The copy should hold exactly the lines below from the one that contains "遠程服務(wù)器設(shè" through the one that contains "A long sleeved" and nothing else, so no pictures.
============
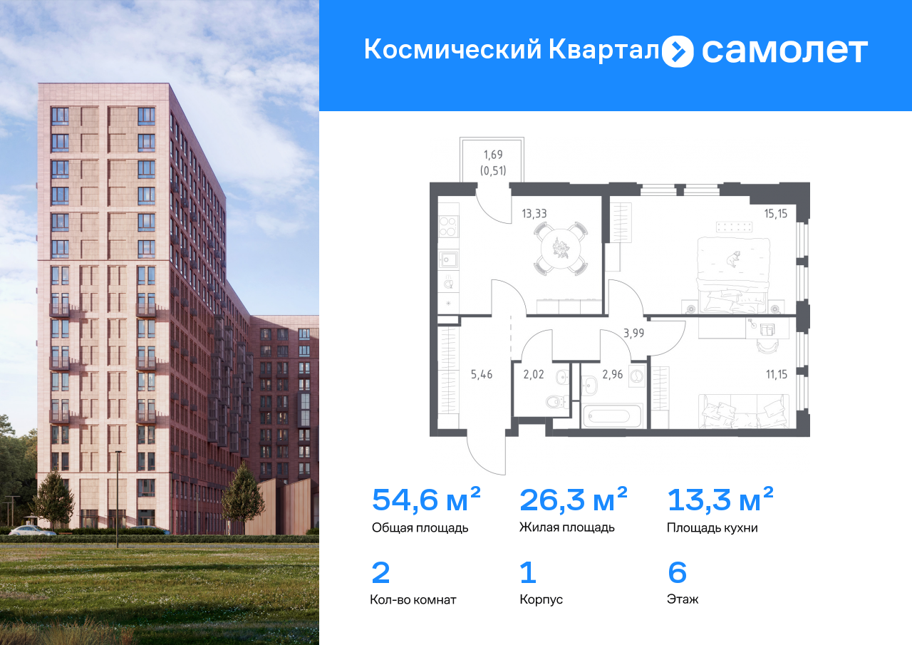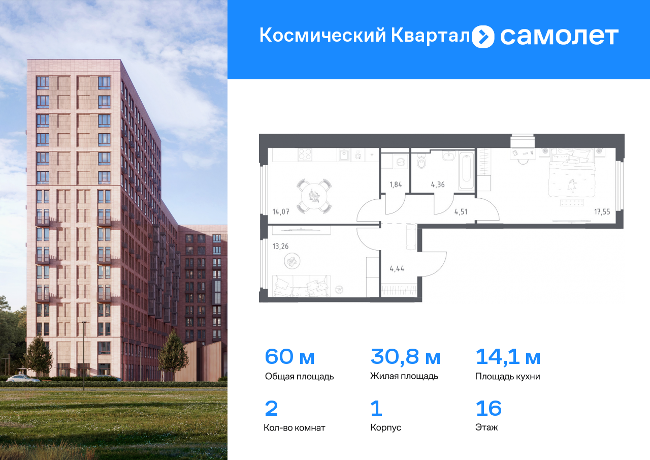 Двухкомнатные квартиры в ЖК Космический Квартал
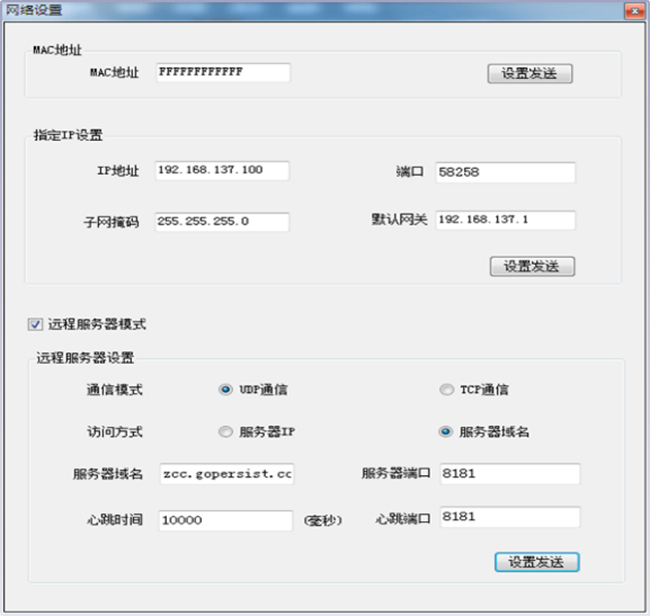 遠程服務(wù)器設(shè)置:可以選擇IP或者域名;公司搭建的云服務(wù)器一律設(shè)置域名,且服務(wù)器端口、心跳時間也不可改變;用戶搭建的服務(wù)器建議使用IP,端口可改變。
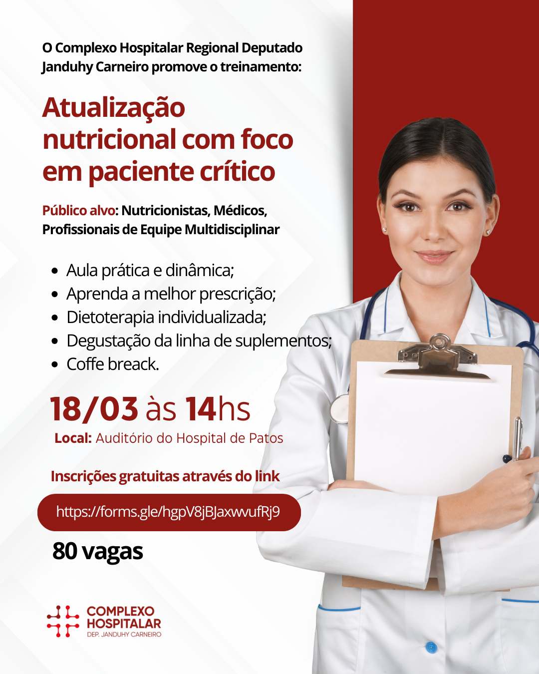 As evidências científicas demonstram que uma nutrição adequada otimiza a resposta clínica do paciente crítico, minimizando complicações relacionadas ao estado nutricional e contribuindo para uma melhor evolução. E buscando aprimorar o serviço nutricional com foco neste paciente, o Complexo Hospitalar Regional Deputado Janduhy Carneiro (CHRDJC) promoverá uma capacitação voltada para nutricionistas, médicos, enfermeiros e profissionais da área. O curso ‘Atualização nutricional com foco em paciente critico’ acontecerá, presencialmente, no dia 18 de Março, no auditório do hospital, das 14h às 18h, em Patos.As inscrições são gratuitas e podem ser realizadas através do link https://forms.gle/hgpV8jBJaxwvufRj9.
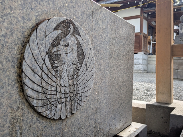 手水鉢に彫り込まれた鳳凰は、少しデフォルメされたかっこいい姿。ちょっぴりウルトラ怪獣感もあります。
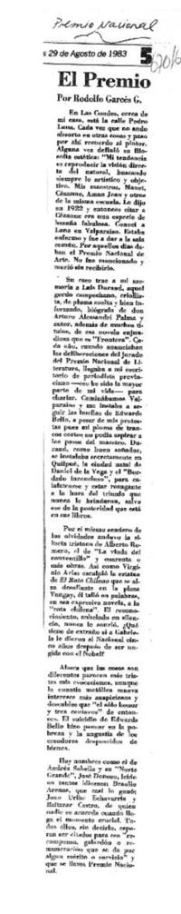 El Premio [artículo] / Por Rodolfo Garcés G. Las Últimas Noticias (Diario : Santiago, Chile)-- ago. 29, 1983, p. 5. 1 página. .
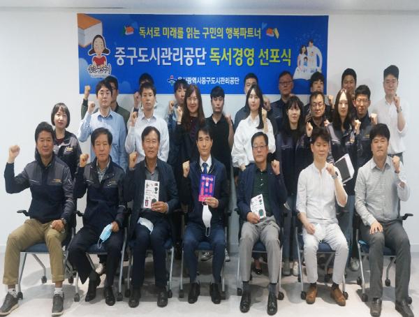 울산 중구도시관리공단(이사장 최영달)은 25일 오전 10시 공단 대회의실에서 전 직원이 참석한 가운데 조직 경쟁력 강화와 직원 복리 증진을 위한 ‘독서경영 선포식’을 가졌다.
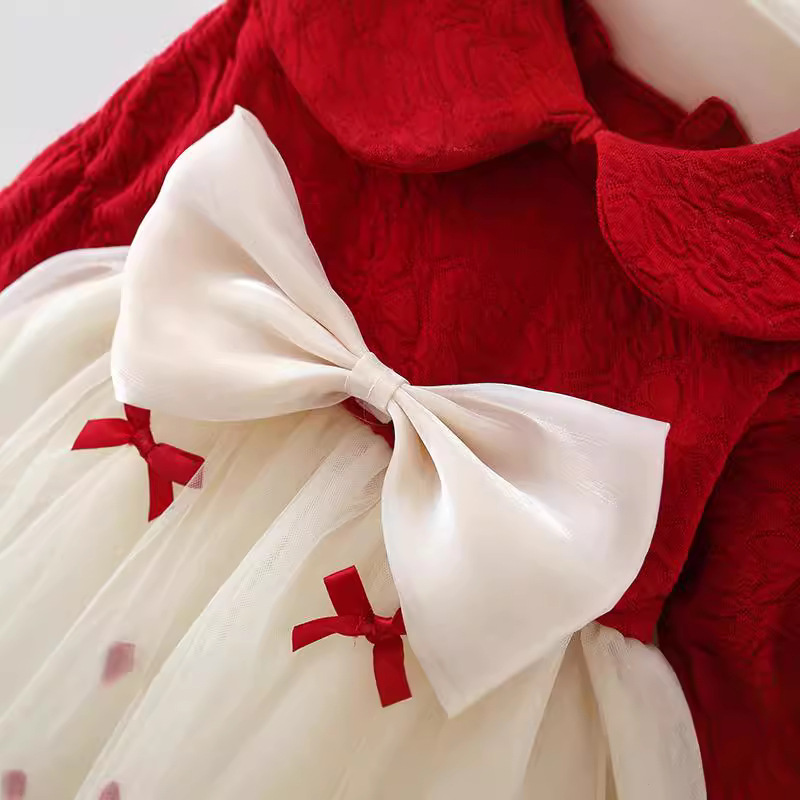 A long sleeved dress with a red top and a white, flared skirt featuring a large white bow at the waist.
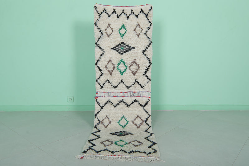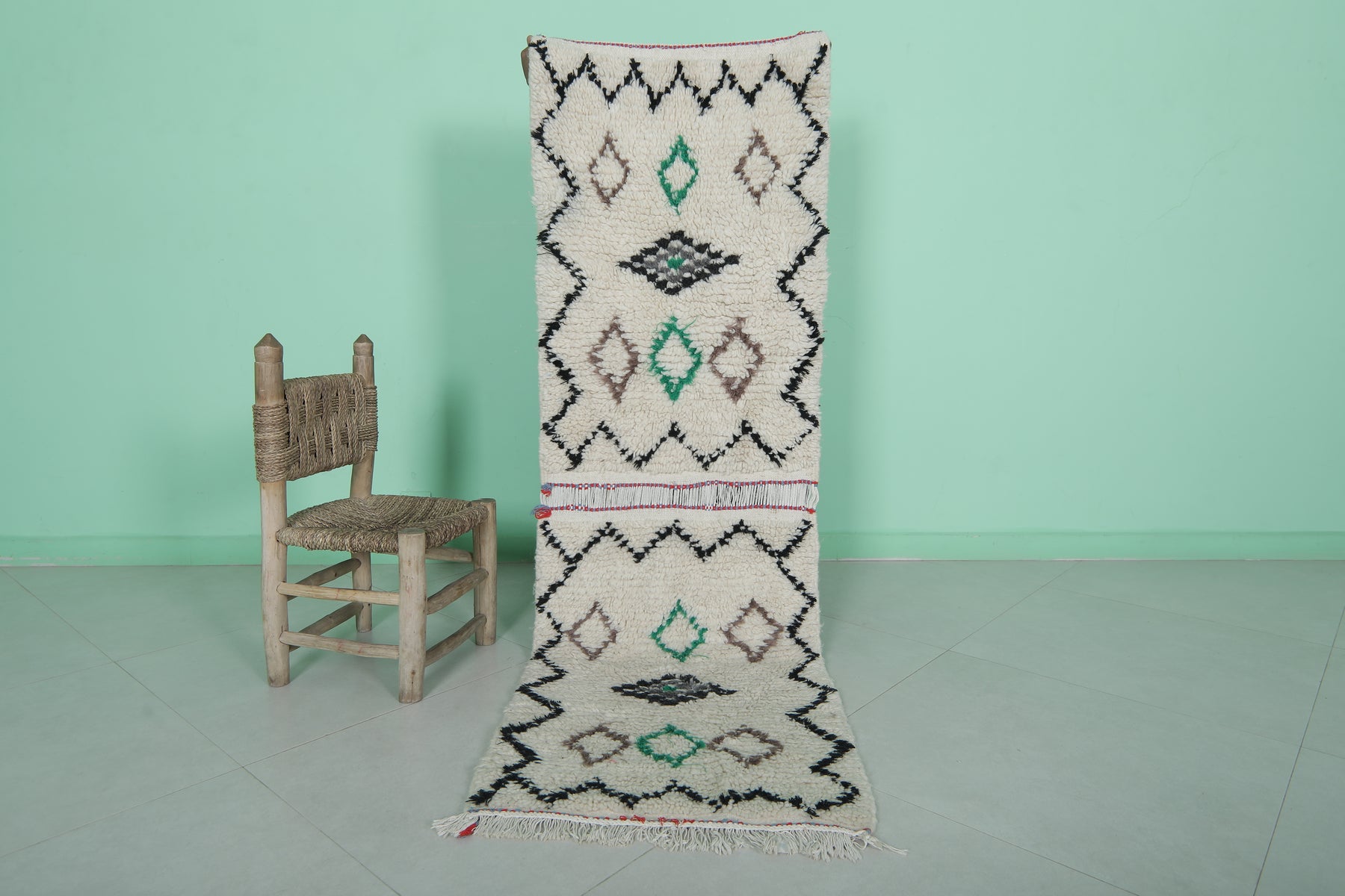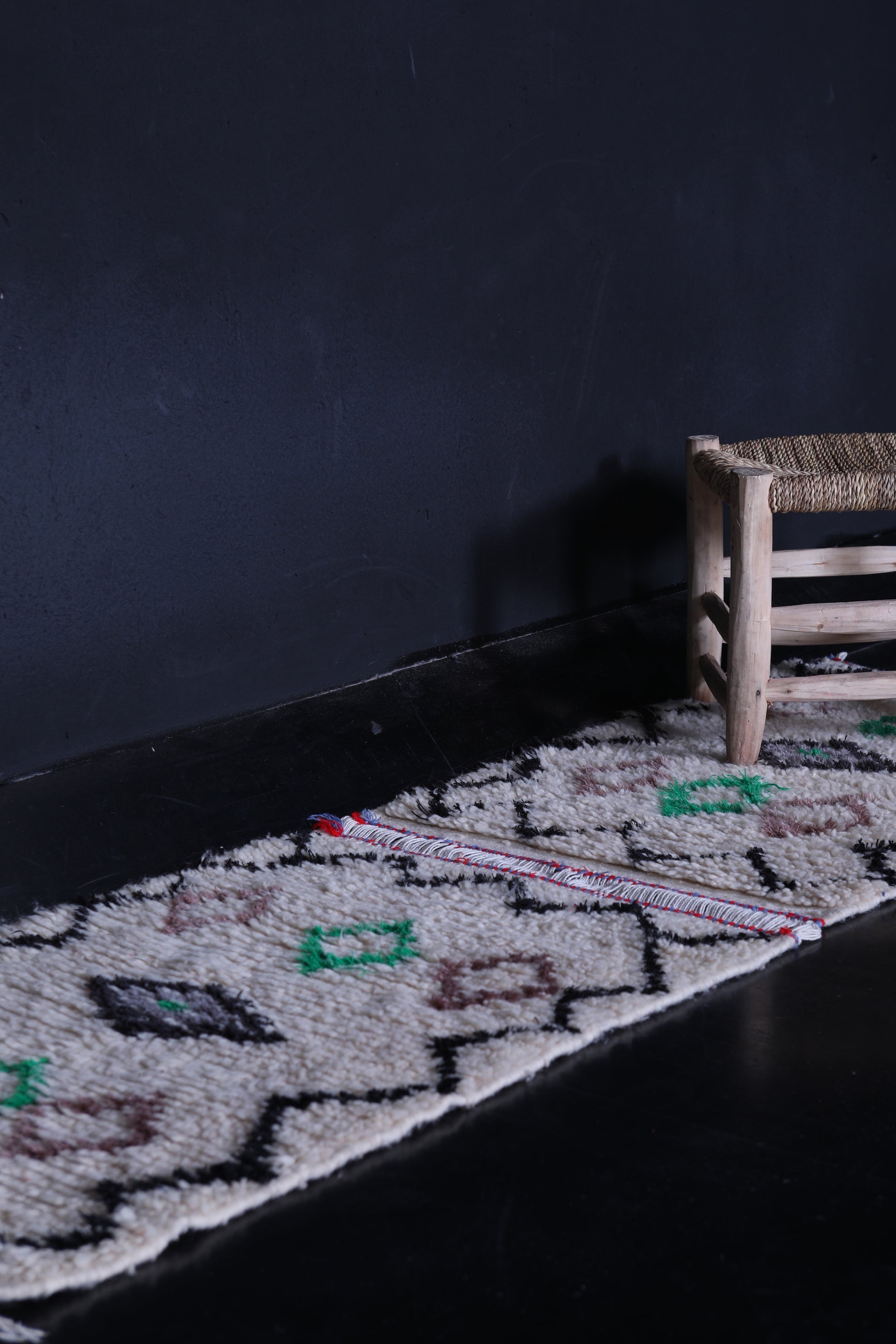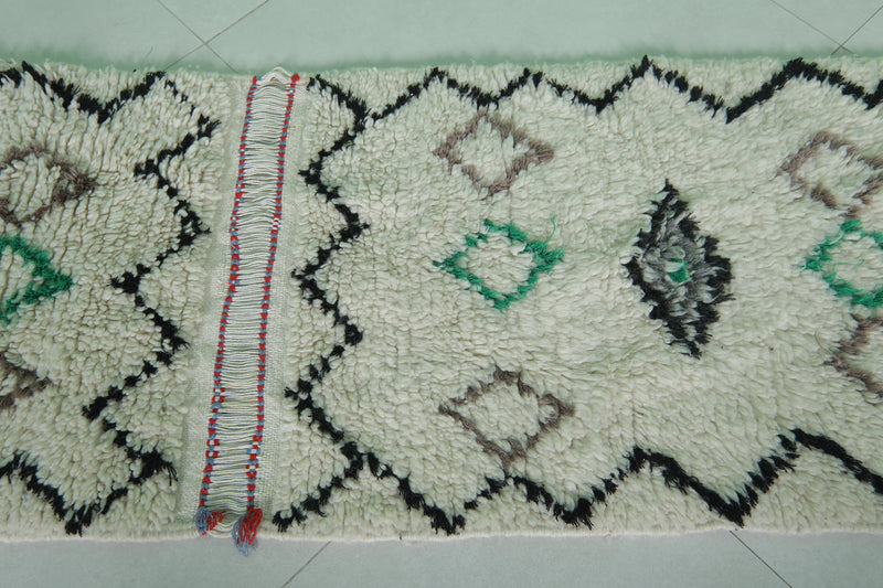 Add Moroccan charm to your home with this Handmade White Berber Runner Rug, sized at 1.9 x 5.9 feet. Handwoven in Morocco, this soft and stylish rug features bold black and green tribal motifs set against a crisp white background. Perfect for hallways, bedrooms, or entryways, it brings warmth, heritage, and minimalistic flair into any space.
============
• Reply:
 遠程服務(wù)器設(shè)置:可以選擇IP或者域名;公司搭建的云服務(wù)器一律設(shè)置域名,且服務(wù)器端口、心跳時間也不可改變;用戶搭建的服務(wù)器建議使用IP,端口可改變。
 As evidências científicas demonstram que uma nutrição adequada otimiza a resposta clínica do paciente crítico, minimizando complicações relacionadas ao estado nutricional e contribuindo para uma melhor evolução. E buscando aprimorar o serviço nutricional com foco neste paciente, o Complexo Hospitalar Regional Deputado Janduhy Carneiro (CHRDJC) promoverá uma capacitação voltada para nutricionistas, médicos, enfermeiros e profissionais da área. O curso ‘Atualização nutricional com foco em paciente critico’ acontecerá, presencialmente, no dia 18 de Março, no auditório do hospital, das 14h às 18h, em Patos.As inscrições são gratuitas e podem ser realizadas através do link https://forms.gle/hgpV8jBJaxwvufRj9.
 手水鉢に彫り込まれた鳳凰は、少しデフォルメされたかっこいい姿。ちょっぴりウルトラ怪獣感もあります。
 El Premio [artículo] / Por Rodolfo Garcés G. Las Últimas Noticias (Diario : Santiago, Chile)-- ago. 29, 1983, p. 5. 1 página. .
 울산 중구도시관리공단(이사장 최영달)은 25일 오전 10시 공단 대회의실에서 전 직원이 참석한 가운데 조직 경쟁력 강화와 직원 복리 증진을 위한 ‘독서경영 선포식’을 가졌다.
 A long sleeved dress with a red top and a white, flared skirt featuring a large white bow at the waist.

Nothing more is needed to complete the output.